Activity
Transcribe the data as written, minus images.

Recorded information
------------

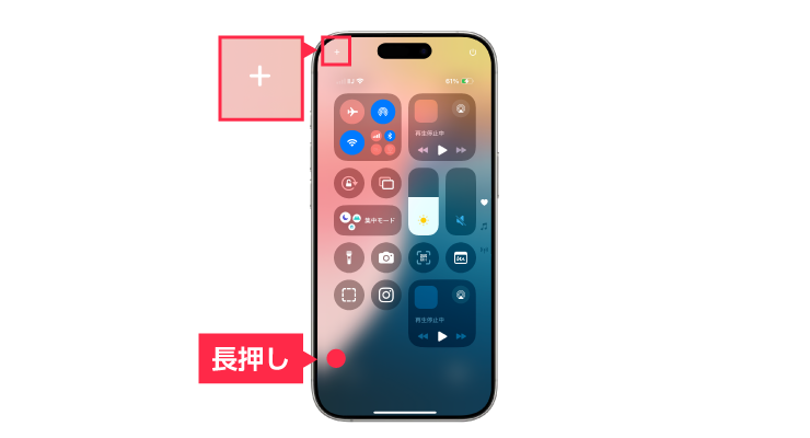 画面左上の「+」ボタンをタップ、または空白部分を長押しして編集モードに入ります。
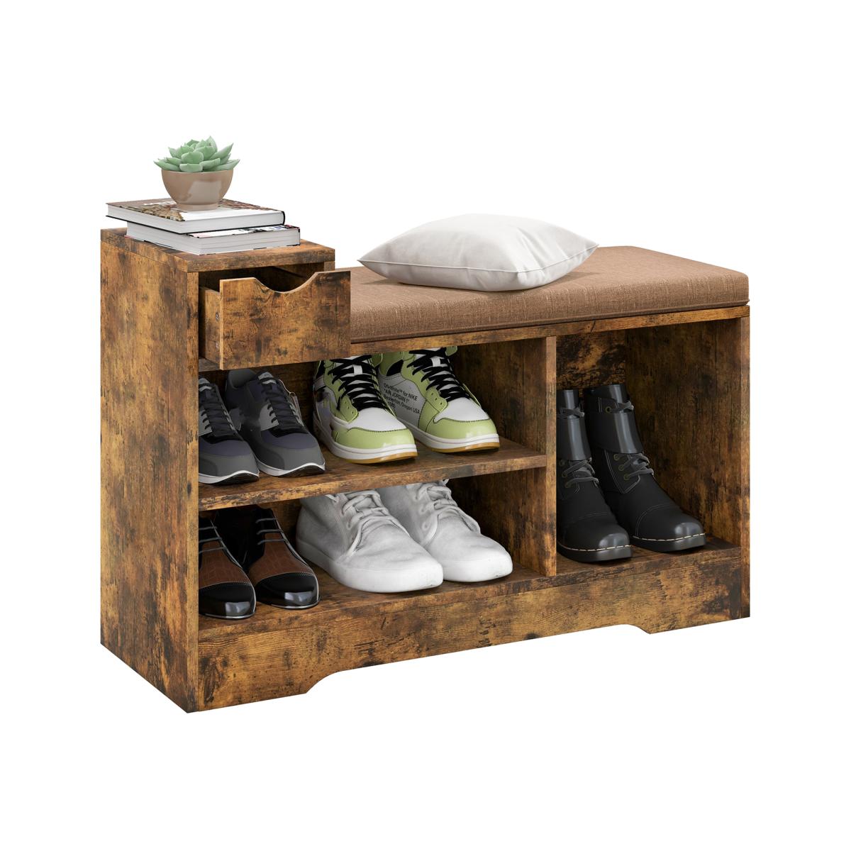 With simple color and stylish appearance, this shoe bench will match different room styles. It's great for your entryway, hallway, bedroom and living room. It has 2 open shelves, 1 drawer and 1 open cubby to store shoes and other daily items. Besides, the storage bench has a soft seat cushion for you or your family members to sit on to change shoes. When not in use, you can choose to remove the cushion and use the seat as an extra storage area. Made of durable and selected materials, this shoe bench with cushion is sure to offer you long-lasting lifespan.
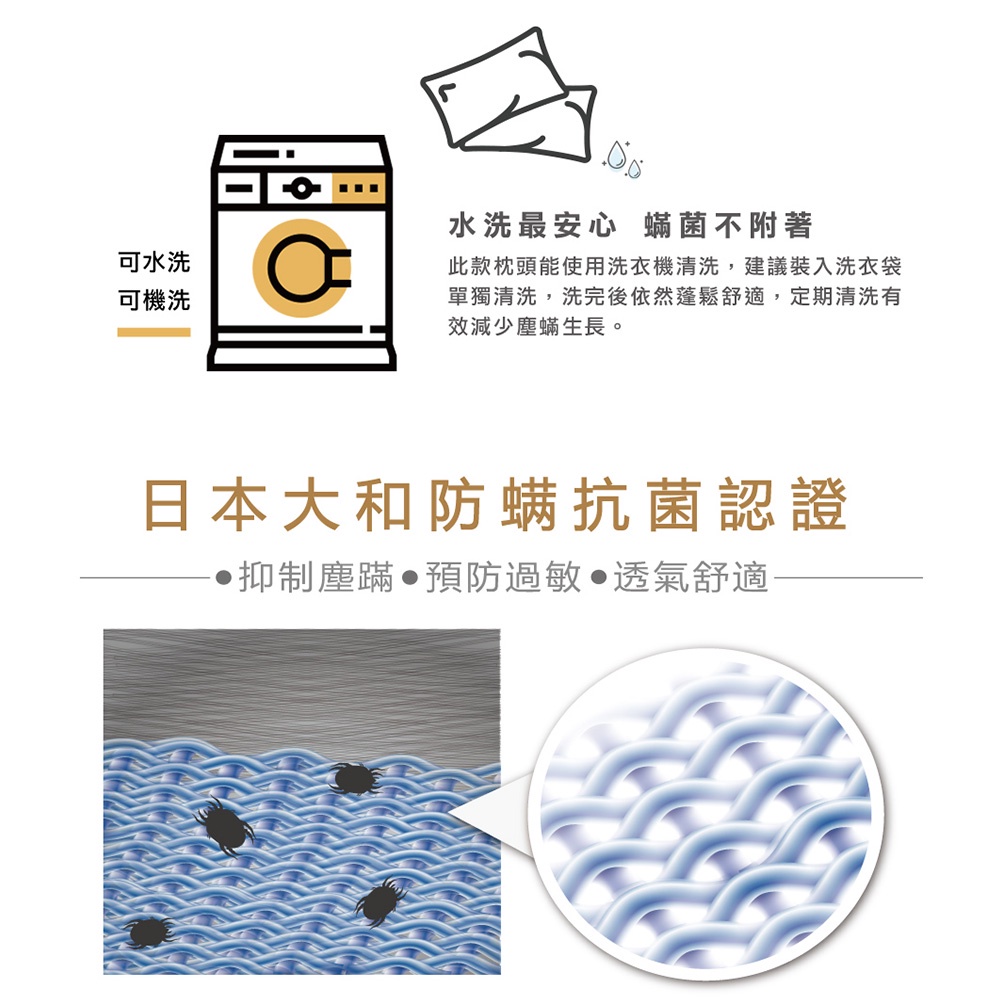 La Belle 日本防蹣抗菌 舒柔枕 43x73cm 可水洗 水洗枕 枕頭 可超取 格蕾寢飾
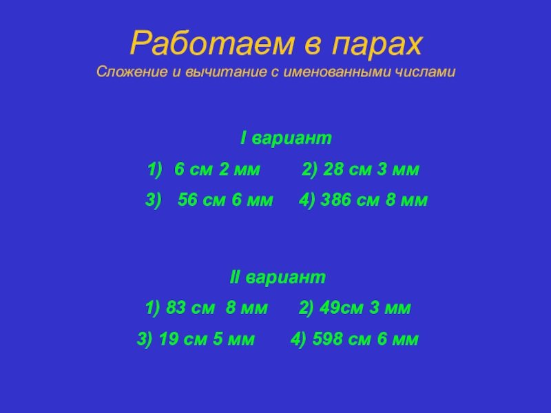 Работаем в парах Сложение и вычитание с именованными числамиI вариант6 см 2 мм    2)

------------

Your response
 画面左上の「+」ボタンをタップ、または空白部分を長押しして編集モードに入ります。
 With simple color and stylish appearance, this shoe bench will match different room styles. It's great for your entryway, hallway, bedroom and living room. It has 2 open shelves, 1 drawer and 1 open cubby to store shoes and other daily items. Besides, the storage bench has a soft seat cushion for you or your family members to sit on to change shoes. When not in use, you can choose to remove the cushion and use the seat as an extra storage area. Made of durable and selected materials, this shoe bench with cushion is sure to offer you long-lasting lifespan.
 La Belle 日本防蹣抗菌 舒柔枕 43x73cm 可水洗 水洗枕 枕頭 可超取 格蕾寢飾
 Работаем в парах Сложение и вычитание с именованными числамиI вариант6 см 2 мм    2)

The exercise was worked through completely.